Finding Limits Using Formal Definition

[TommG]

Homework Statement

Use formal definition of limits
Find L = lim x→ c f(x). Then find a number δ > 0 such for all x

f(x) = 3 - 2x
c = 3
ε = 0.02

The Attempt at a Solution

lim_x→3 3 -2x

lim_x→3 3 - lim_x→3 2x

3 - 2(3) = -3
L = -3
I am not sure how to find delta

 

[LCKurtz]

Homework Statement

Use formal definition of limits
Find L = lim x→ c f(x). Then find a number δ > 0 such for all x

f(x) = 3 - 2x
c = 3
ε = 0.02

The Attempt at a Solution

lim_x→3 3 -2x

lim_x→3 3 - lim_x→3 2x

3 - 2(3) = -3
L = -3



I am not sure how to find delta

Ask yourself how close $x$ needs to be to $3$ so that $|f(x)-L|<\epsilon$ or, for your problem, $|(3-2x) - (-3)|<.02$.

 

[lurflurf]

|f(x)-L|<ε
when
|3-x|<δ
write
|f(x)-L|
in terms of
|3-x|

 

[TommG]

Ask yourself how close $x$ needs to be to $3$ so that $|f(x)-L|<\epsilon$ or, for your problem, $|(3-2x) - (-3)|<.02$.

ok so i take

-0.02 < (3-2x)-(-3) < 0.02
-0.02 < 6-2x < 0.02
-6.02 < -2x < -5.98
3.01 > x > -2.99
(-2.99,3.01)

-2.99 - 3 = -5.99
3.01 - 3 = 0.1

so since δ > 0
δ = 0.1

matches answer in book

thank you for your help

 

[HallsofIvy]

ok so i take

-0.02 < (3-2x)-(-3) < 0.02
-0.02 < 6-2x < 0.02

Notice that, at this point, you could say
-0.02 < 2(3- x)< 0.02
-0.01< 3- x< 0.01 so that |x- 3|< 0.01

-6.02 < -2x < -5.98
3.01 > x > -2.99
(-2.99,3.01)

-2.99 - 3 = -5.99
3.01 - 3 = 0.1

so since δ > 0
δ = 0.1

matches answer in book

thank you for your help

 

[LCKurtz]

ok so i take

-0.02 < (3-2x)-(-3) < 0.02
-0.02 < 6-2x < 0.02
-6.02 < -2x < -5.98
3.01 > x > -2.99
(-2.99,3.01)

-2.99 - 3 = -5.99
3.01 - 3 = 0.1

so since δ > 0
δ = 0.1

matches answer in book

thank you for your help

That's good.
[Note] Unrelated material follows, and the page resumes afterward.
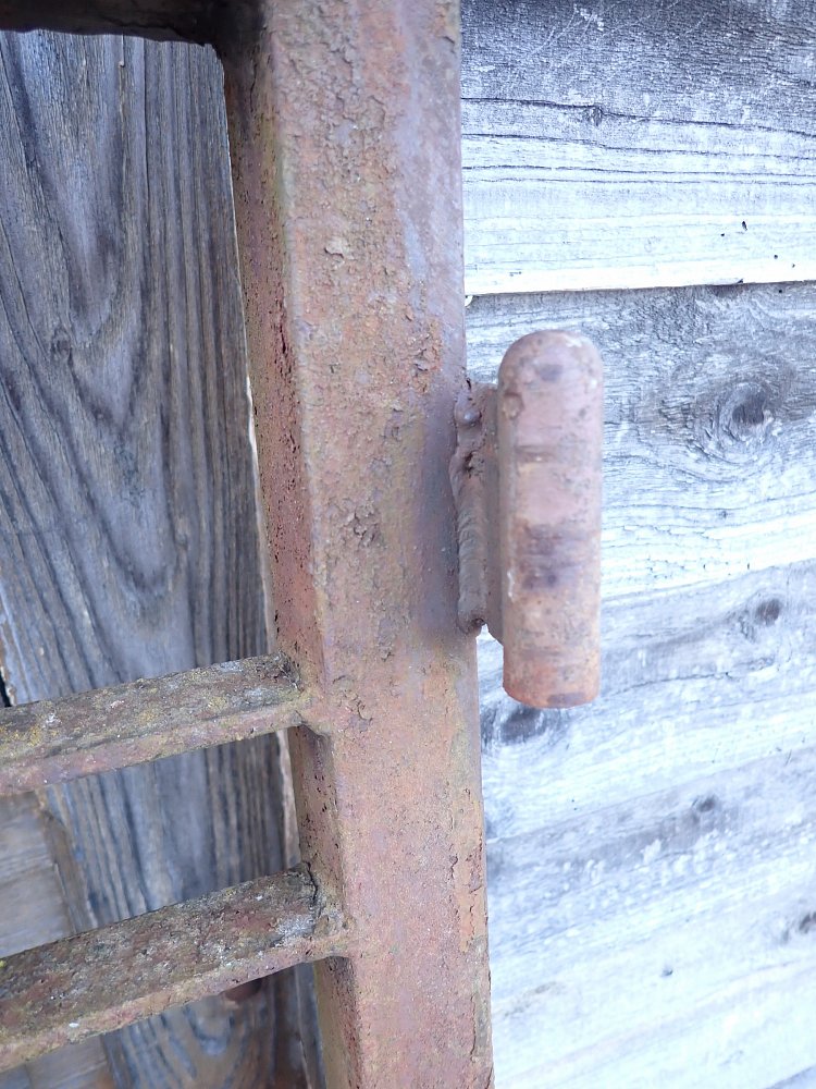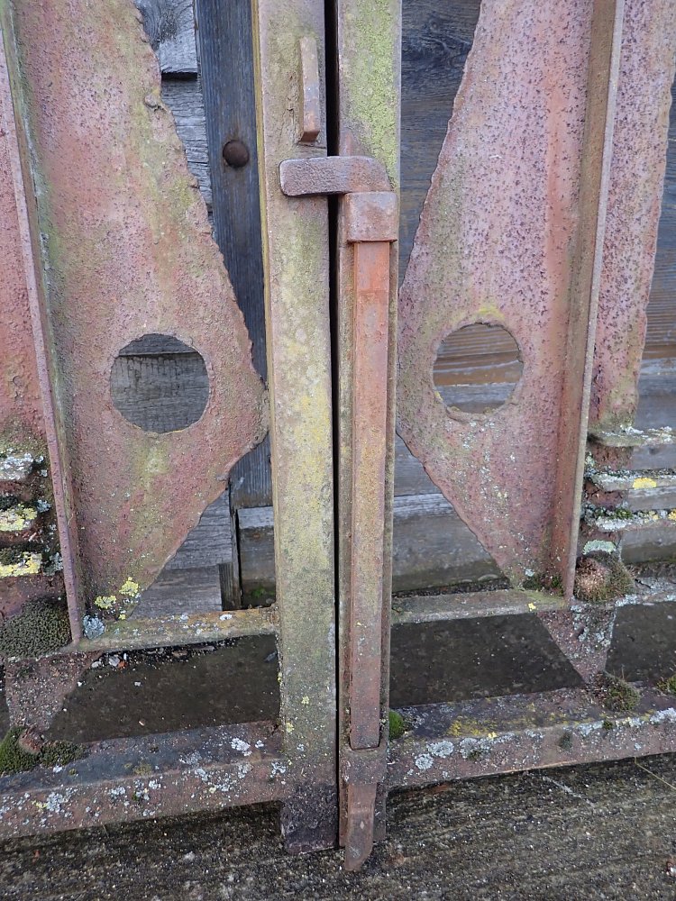 DetailansichtMassives Tor aus Schmiedeeisen. Das Hoftor ist sehr schlicht gehalten und die Längs- und Querstreben sind ganz klassisch durch Nieten mit dem Rahmen verbunden. Eingehängt...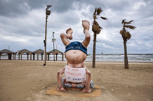 A sign calling people to stay home to reduce the spread of the new coronavirus is placed on a statue of the first Israeli Prime Minister David Ben Gurion at a beach in Tel Aviv, Israel, Friday, March 20, 2020. Prime Minister Benjamin Netanyahu said he was further tightening restrictions on movement, with exceptions only to go out for food or other urgent matters. For most people, the new coronavirus causes only mild or moderate symptoms. For some it can cause more severe illness. (AP Photo/Oded Balilty)

But you could write it much neater:$$
|6-2x| <.02$$ $$
2|3-x| <.02$$ $$
|3-x| <.01$$The steps are reversible so $\delta=.01$.

 

[LCKurtz]

-2.99 - 3 = -5.99
3.01 - 3 = 0.1

Also note that should be -2.99 - (-3) = .01. And .1 should be .01.